Hello!

I received my M.S. degree in the Department of Computer Science at National Taiwan University in 2017, supervised by Prof. Yung-Yu Chuang and Dr. Yen-Yu Lin from Academia Sinica, where I worked as a part-time research assistant. Before these, I received my B.S. degree in the Department of Department of Computer Science at National Taiwan University.

My research interests are computer vision and deep learning.

Please find my latest resume here.

News

Sep. 2017: Received Excellent Master Thesis Award from Image​ ​Processing​ ​and​ ​Pattern​ ​Recognition​ ​Society

Aug. 2017: Received M.S. in Computer Science, National Taiwan University

Feb. 2017: One paper is accepted in CVPR 2017!

Publication

Deep Co-occurrence Feature Learning for Visual Object Recognition

Ya-Fang Shih*, Yang-Ming Yeh* (* indicates equal contribution), Yen-Yu Lin,
Ming-Fang Weng, Yi-Chang Lu, Yung-Yu Chuang
IEEE Conference on Computer Vision and Pattern Recognition (CVPR), 2017

Project

Stereo Panorama

Stereo image pairs (for left and right eyes) are that people can perceive 3D stereo by looking at the corresponding one for each eye. This system produces stereo panorama image pairs from a hand-held GoPro video. The work focuses on implementing the flow-based image blending method proposed by Megastereo by Richardt et al and uses the omnistereo method to extract the image strips for each eye.

Outfit Color Harmony Evaluation System

Does these clothes go well for me to wear? This outfit evaluation system scores how harmonic the colors of people’s outfit looks. The work focuses on implementing the color harmonization algorithm proposed by Cohen-Or et al.
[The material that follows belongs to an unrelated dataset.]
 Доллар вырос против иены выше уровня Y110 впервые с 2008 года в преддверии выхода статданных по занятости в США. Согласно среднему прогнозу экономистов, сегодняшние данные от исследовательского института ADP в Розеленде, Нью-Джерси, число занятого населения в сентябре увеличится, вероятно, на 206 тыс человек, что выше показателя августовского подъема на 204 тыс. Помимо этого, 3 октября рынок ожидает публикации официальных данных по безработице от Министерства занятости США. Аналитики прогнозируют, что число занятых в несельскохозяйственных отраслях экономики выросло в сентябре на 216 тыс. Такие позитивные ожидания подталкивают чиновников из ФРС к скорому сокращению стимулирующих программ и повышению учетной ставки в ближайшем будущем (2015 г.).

Distorted Movie Scene Image Classification

Photos taken by users in real life are usually different from the training data we have, and are often with heavy lightning and contrast distortion. This work focuses on improving the classification accuracy of the photos of movie scenes shot by users, which have heavy distortion. Developed with MatConvNet.
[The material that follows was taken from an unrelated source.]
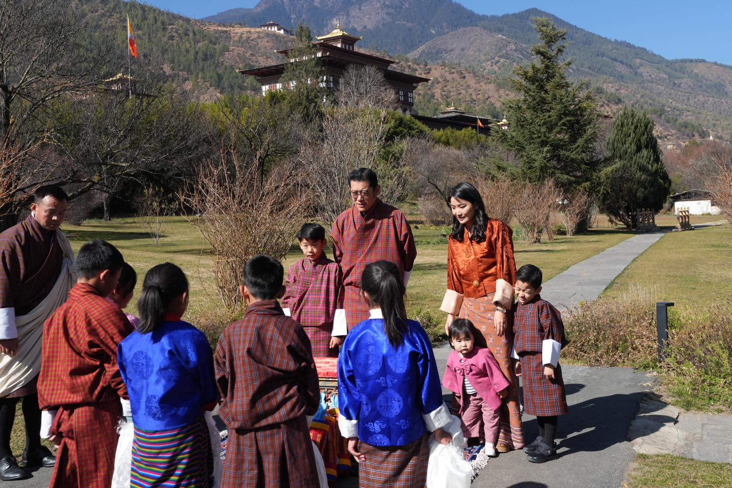 སྤྱི་ཟླ་ ༡ པའི་ཚེས་ ༢ ལུ་ ཐིམ་ཕུའི་སློབ་ཕྲུག་སྡེ་ཚན་ཅིག་གིས་ མི་དབང་མངའ་བདག་རིན་པོ་ཆེ་དང་ མི་དབང་རྒྱལ་བཙུན་མཆོག་གིས་ དབུ་གཙོས་པའི་ མི་དབང་རྒྱལ་སྲས་ འཇིགས་མེད་རྣམ་རྒྱལ་དབང་ཕྱུག་དང་ མི་དབང་རྒྱལ་སྲས་ ཨྱོན་དབང་ཕྱུག་ མི་དབང་རྒྱལ་སྲསམོ་ བསོད་ནམས་གཡང་སྒྲོན་དབང་ཕྱུག་ཚུ་གི་ སྐུ་མདུན་ལུ་བཅར་ཏེ་ ལོ་ལེགས་བགྱངས་ཐོག་ལས་ ཉི་ལོག་བརྩི་སྲུང་ཞུ་ཡི།

Image Feature Matching Android Application

The speed of matching feature between images on Android platfroms depends on the programming languages used, and it can sometimes take a long time. This work focuses on implementing feature matching using native language C++ and integrating it into the Java environment on Andriod systems. The resulting application takes photos, detects and matches robust feature points in pictures instantly on mobile devices. Developed with Android NDK and OpenCV4Android.

DJ Board

What does your motion sound like? DJBoard is an interactive skateboard that people can mix their own track of music on by performing different board-motions and triggering different sensors. Developed with an infrared sensor, pressure and ultrasonic sensors and a gyroscope on Arduino platform.